Mapping of Bm and Ws

To identify the genomic regions responsible for Bm and Ws mutations, we performed genetic linkage analysis referred by the B. mori single-nucleotide polymorphism linkage map (Yamamoto et al., 2008) and genome sequence (International Silkworm Genome Consortium, 2008). The female body colour of BC1 was too faint to allow us to distinguish each phenotype; therefore, we only used males for screening. We mapped the Bm mutation using ~1800 BC1 individuals and narrowed down the Bm-linked region to between 2 390 014 (nscaf2829-26F) and 4 426 693 (the downstream terminal of the Bm_scaf33) (Figure 2 and Supplementary Table S2). This region was ~2-Mb long on the Bm_scaf33. Next, we performed gene prediction analysis for the candidate region using gene prediction models in KAIKOBLAST and we found 77 candidate genes (data not shown). For the Ws mutation, we delimited the locus to 100-kb-long regions between 2 445 094 (nscaf2829-50F) and 2 541 315 (nscaf2829-39R) on the Bm_scaf33 using ~400 BC1 individuals (Figure 2 and Supplementary Table S2). However, there were no candidate genes within this region (data not shown). According to the linkage analysis of the Bm gene, although the mapping procedure used ~1800 BC1 individuals, the Bm-linked region could not be narrowed down further within an ~2-Mb-long region on the Bm_scaf33, thereby suggesting suppression of recombination. Therefore, the Bm-narrowed region was wider than that of Ws (Figure 2).
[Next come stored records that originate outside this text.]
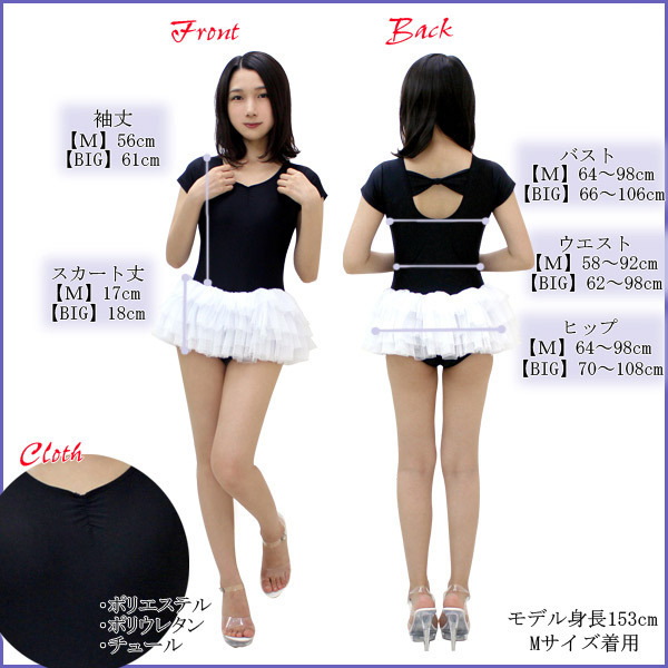 HOME > バドガール・レースクイーン > チュールスカート付き半袖レオタード(後ろリボン) 黒×白 M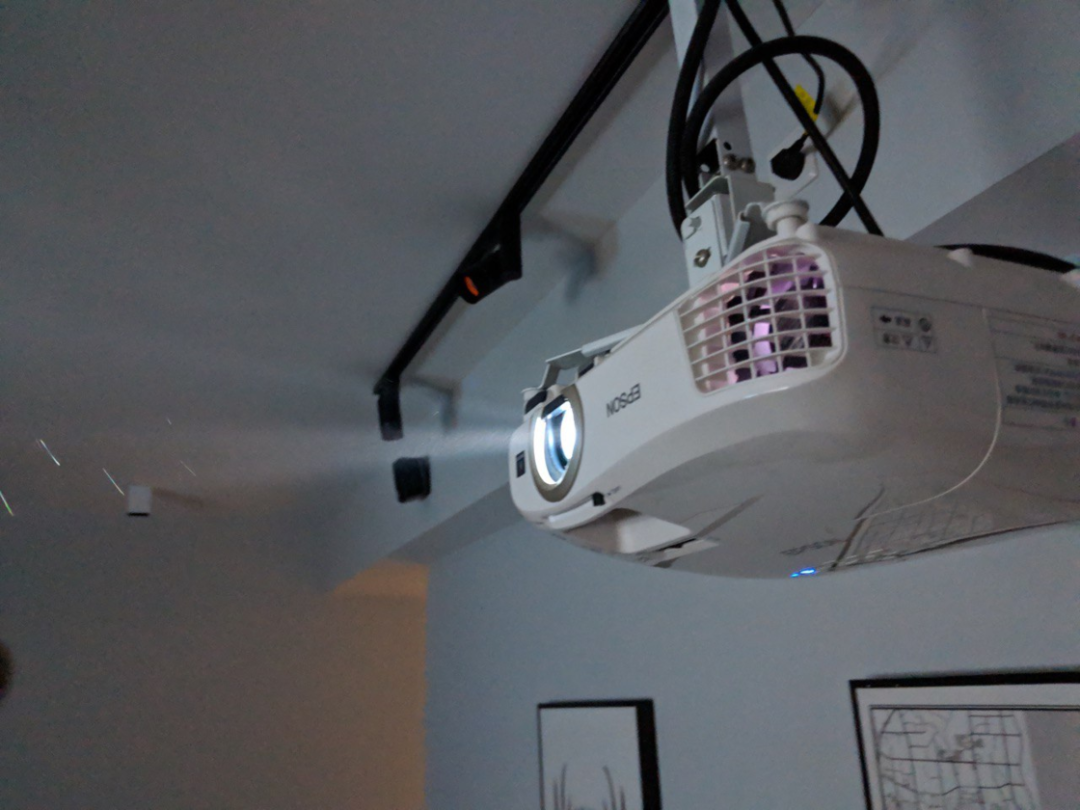 但这终究是妥协之举,投影仪发热散热以及相伴的噪音都会对坐在近处的人造成一些不适,走线也是个问题。由于我在装修之初就考虑了安装问题,因此选择了吊顶正投安装。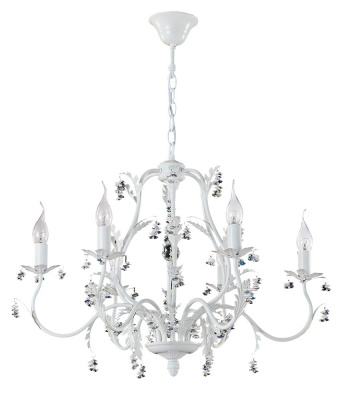 Каркас изготовлен из металла, окрашенного в белый цвет, хрустальные подвески прозрачного цвета и цвета хамелеон.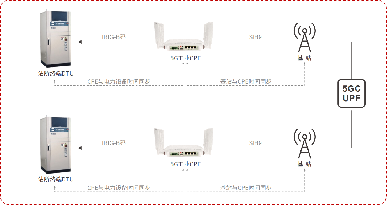 基于宏電5G工業智能網關/CPE的線路差動保護解決方案通過在兩端的站所終端DTU上部署5G工業智能網關/CPE,構建5G高速網絡實現終端間的互聯互通;5G基站通過GPS/北斗衛星獲取精準定時,與標準時間進行同步后,宏電5G工業智能網關/CPE通過空口SIB9消息獲取當前精準時鐘信息,再通過IRIG-B碼的方式脈沖到站所終端DTU,站所終端DTU在接收到數據后解析B碼信息,獲取標準時間,從而實現各裝置之間以及現場裝置與主站間的時鐘同步,實現點對點快速傳輸,完成故障自愈。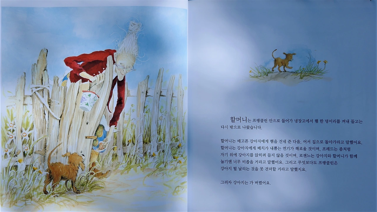언덕 위의 집에서 혼자 사는 할머니는 아침마다 자동차를 몰고 우체국으로 가서 혹시 자기에게 온 편지가 있을까 살펴보지만, 세금고지서 외에는 아무것도 없다. 편지를 보내주던 친구들이 모두 죽었기 때문이다. 외로움을 견딜 수 없었던 할머니는 이름을 짓기 시작한다. 오래오래 살아온 집과 밤마다 누워 자는 침대, 낡은 자동차에 ‘프랭클린’, ‘로젠느’, ‘베치’라는 이름을 붙여주었다. 오래 살 수 있는 것들, 그래서 떠나보내는 슬픔을 겪지 않아도 될 것들에만 이름을 지어 주던 할머니 앞에 어느 날 살아 있는 작은 갈색 강아지 한 마리가 나타난다.

Recombination analysis between Bm and Ws

To confirm the recombination between Bm and Ws, the moth phenotype was observed in seven egg batches obtained from the cross between wild type (+Bm/+Bm; +Ws/+Ws) females with F1 males (Bm female × Ws male (Bm/+Bm; +Ws/Ws)) (Supplementary Figure S1 and Table 2). Among 1163 individuals obtained from 7 batches, none of the normal type expected as recombinants appeared (Table 2). The segregation ratio between Bm phenotype and Ws phenotype was ~1 : 1 (Table 2). These strongly suggested that recombination did not occur between Bm and Ws alleles (Table 2), although the genetic distance between both genes is 14.7 cM in the linkage map of B. mori.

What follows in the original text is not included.